But we think the really useful part comes one step back. We’re often asked what’s the single most important thing an early-career writer can do to improve. Our answer: start to think about writing as a skill that one can deliberately work to improve! [4]
And so what’s the single most important thing a scientist can do to get better at mentoring writing? Simple: start to think about mentoring as a skill that one can deliberately work to improve. What the mentoring BASE exercise can do, we think, is force help someone to reach that realization. And then, you can harness some of the many tools** and trainings that are out there to enable you to get better at mentoring writing with less time and effort. Wouldn’t we all like to manage that!?
How about you?
How does your mentoring BASE compare to ours? [4] We’d love to hear about that in the comments or just hit reply to the email that notified you of this post!
NOTES
This post is based in part on material from our book, Teaching and Mentoring Writers in the Sciences, and in part on writing mentorship workshops we both run – contact us to learn more about them.
[1] As always, all em dashes, typos, turns of phrase, and ideas are human-generated here at School of Good Trouble. No AI was used, period.
[2] As I’ve mentioned previously, students write these massive page counts willingly. I don’t set minimum word or page limits for them. See previous reflections I’ve shared about this course for more detail, or see my syllabus for this course for more insight into why students pursue this much writing of their own volition.
[3] On Steve’s post, he has a footnote about how he was conditioned to mostly think “of writing as something I would do, more or less automatically, once the “real science” was done.” This was incontrast to him recognizing that he “could learn to do statistics better, learn to identify insects better, learn to pipette better but didn’t think the same about writing.” As I’ve discussed here numerous times, and as we detail in our book, Steve and I had very different training as developing writers. Since at least college, and maybe earlier, I’ve understood that getting better at writing was a skillset and practice thing. That comes from my affinity for reading and writing, which was then harnessed and coached in English literature, creative writing, rhet/comp, and numerous other humanities courses in undergrad and grad school. As I analyze at length here , recognizing writing as the work is categorically not how we teach science—but it should be.

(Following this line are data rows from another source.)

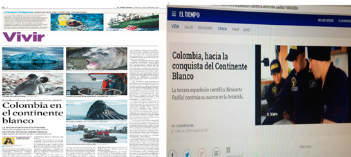
Figura 14. Algunos ejemplos de notas de la Expedición "Almirante Padilla" difundidas por los medios de comunicación.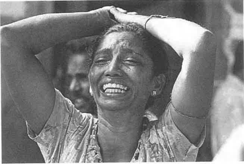
போர் அல்ல கொடுமையான மனிதஉரிமை மீறல்கள் அங்கே நடக்கின்றன. இத்தாயின் கண்ணீரைப் பார்த்தாயினும் தெரிந்து கொள்ளுங்கள்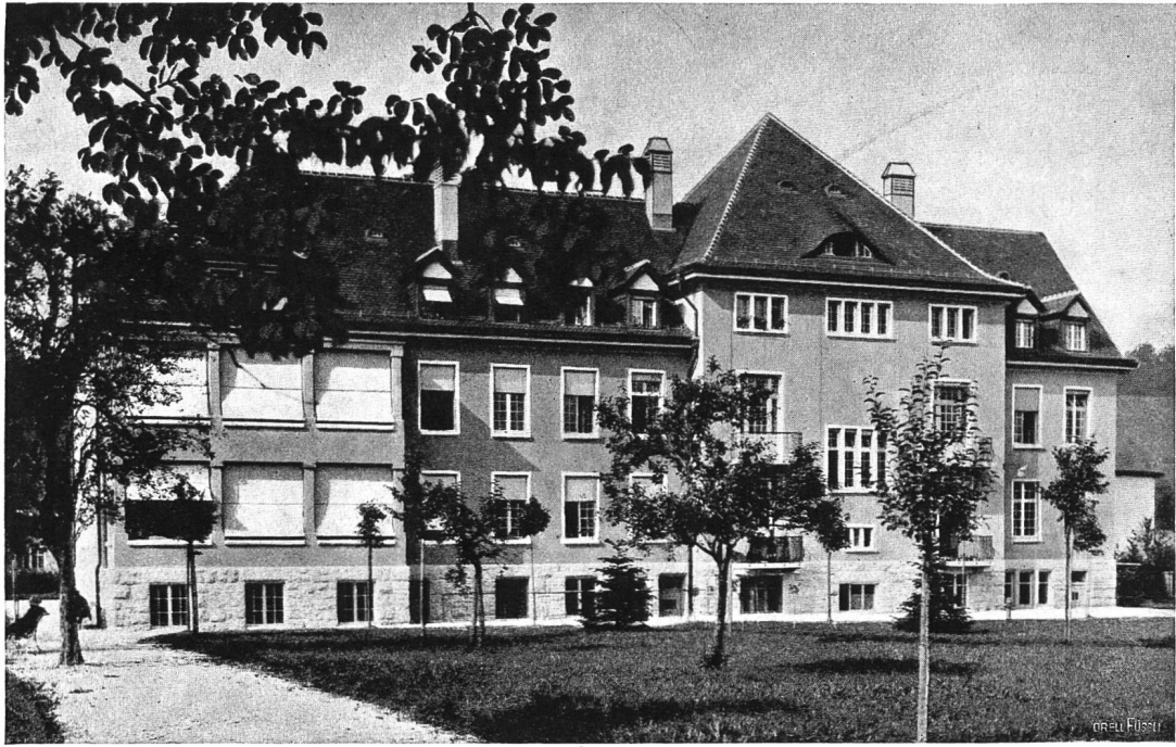
Bezirksspital Brugg. Hauptgebäude.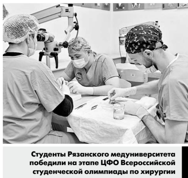
Студенты Рязанского медуниверситета победили на этапе ЦФО Всероссийской студенческой олимпиады по хирургии

5000 врачей и 10 000 сотрудников медицинского персонала трудятся в Рязанской области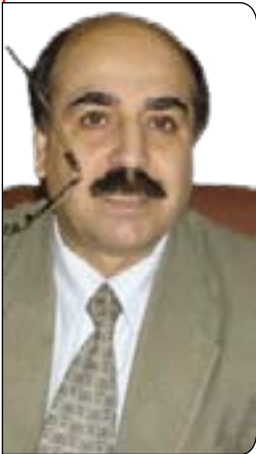
فهرید ئەسه سەرد

ده گه پته وه، كاتيك ته نجومه نى شورای موحاهیده كان كه زهرقاوى رابه رايه تیبى ده كرد له به یانناممه كدا داواى له سوننه كان كرد خۆيان له شيعه جيا بكنه وه وه هه ریمیک له پارێزگاکانی به غدا و سه لاهه ددین و ته نبارو موسل و دیا له به شیکى بابل و واست پیکین. به وهى كه له و کاته دا ناوچه سوننه نشینه كان مه كووى چالاکیه كانى زهرقاویان پیک ده هینا، دياره ته مه به لگه ی ته وه یه كه زهرقاوى له و ناوچانه پشتتگیریه كى زور كراوه به شیکى زوری چه كداره كانیشی له سوننه كان بون.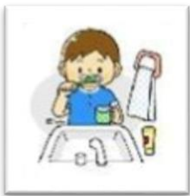
Lavado de dientes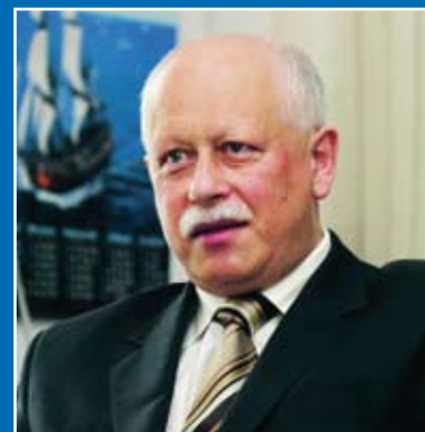
Piotr Styczeń, Wiceminister Infrastruktury RP:

W ykład inauguracyjny wygłosił właśnie minister Styczeń. Zwrócił w nim uwagę na wsparcie legislacyjne, jakie rząd Rzeczypospolitej Polskiej udziela branży mieszkaniowej. Przedstawiciel rządu zapewnił także o swojej otwartości na inicjatywy ustawodawcze wynikające z dialogu z firmami operującymi na rynku nieruchomości.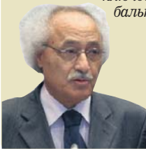
МОХАМЕД БАБЕС, ПРЕЗИДЕНТ МІЖНАРОДНОЇ АСОЦІАЦІЇ СОЦІАЛЬНО-ЕКОНОМІЧНИХ РАД І ПОДІБНИХ ІНСТИТУЦІЙ

“ Асамблея відбувається у дуже важливий період, адже приймаються рішення, що визначатимуть шлях розвитку людства у найближчі десятиліття. МАСЕРПІ як важливий інструмент вираження поглядів глобального громадянського суспільства не повинна стояти осторонь цих процесів, а навпаки, стати їх суб'єктом і робити внесок у прийняття рішень багатосторонніми установами, які займаються ключовими питаннями глобального розвитку.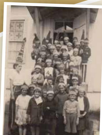
Élèves et professeur Première école de Lanthier (aujourd'hui 1 025, boulevard Rolland-Cloutier)

Vous avez des vêtements d'époque à la maison ? N'hésitez pas à les porter lors des évènements !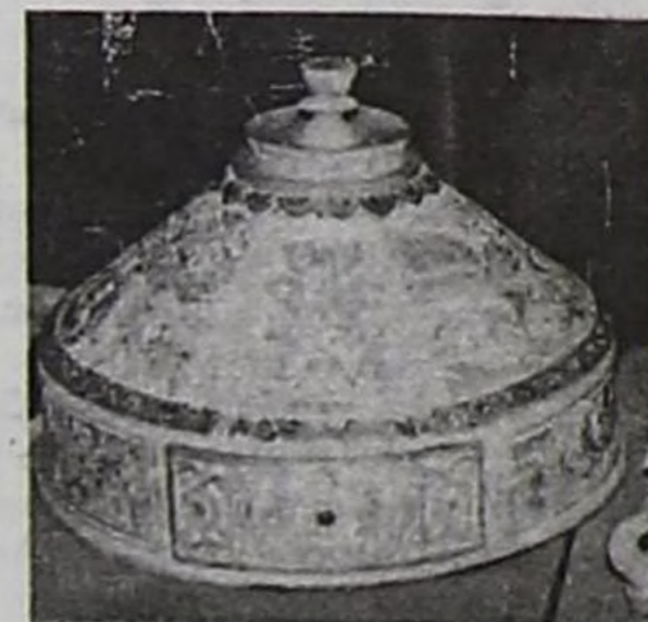
«Буддизм философиязының өө» деп ажилы.

кижилер үнген, салгакчыларынга ол чоргаарланыр.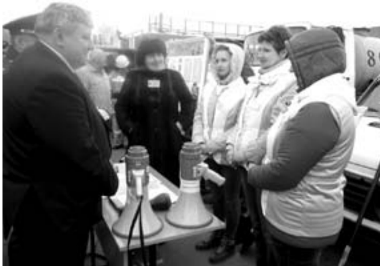
Дмитриевцы приняли участие в областном смотре-конкурсе документов, фотоматериалов.

Муниципальные образования Золотухинского района приняли участие в областном смотре-конкурсе на лучший орган местного самоуправления муниципальных образований в области обеспечения безопасности жизнедеятельности населения в 2017 году.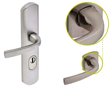
Béquille sur plaque extérieure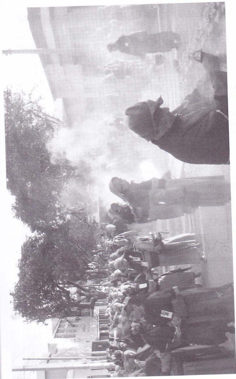
El incienso: rito, religiosidad y aroma de Viernes Santo.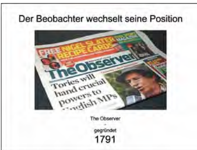
Veränderung der Perspektiven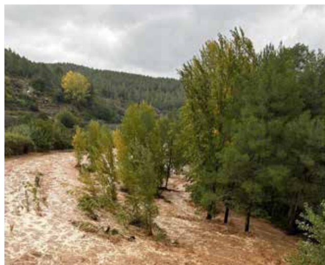
Desbordamiento del Río Mijares.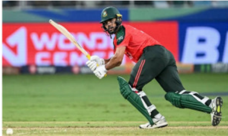
ওয়ানডে দলে প্রথমবার সাইফ, ফিরলেন সোহান

[4] By compare, we do not mean to foster a competition. As we discussed in detail in our post describing how to foster student reflection using the BASE, there is no “correct” BASE for writing or for mentoring writing. Just as we all write in our own style and voice, we also have our own approaches to mentoring. So long as we are meaningfully supporting students as the develop their writing skills--without totally burning ourselves out or otherwise coming to resent or avoid the work—we are on track for writing mentorship that can make a difference. (And if you really want to know how we think you can gauge if you’re doing a good job as a writing mentor, we give you a checklist in the Afterword of our book!)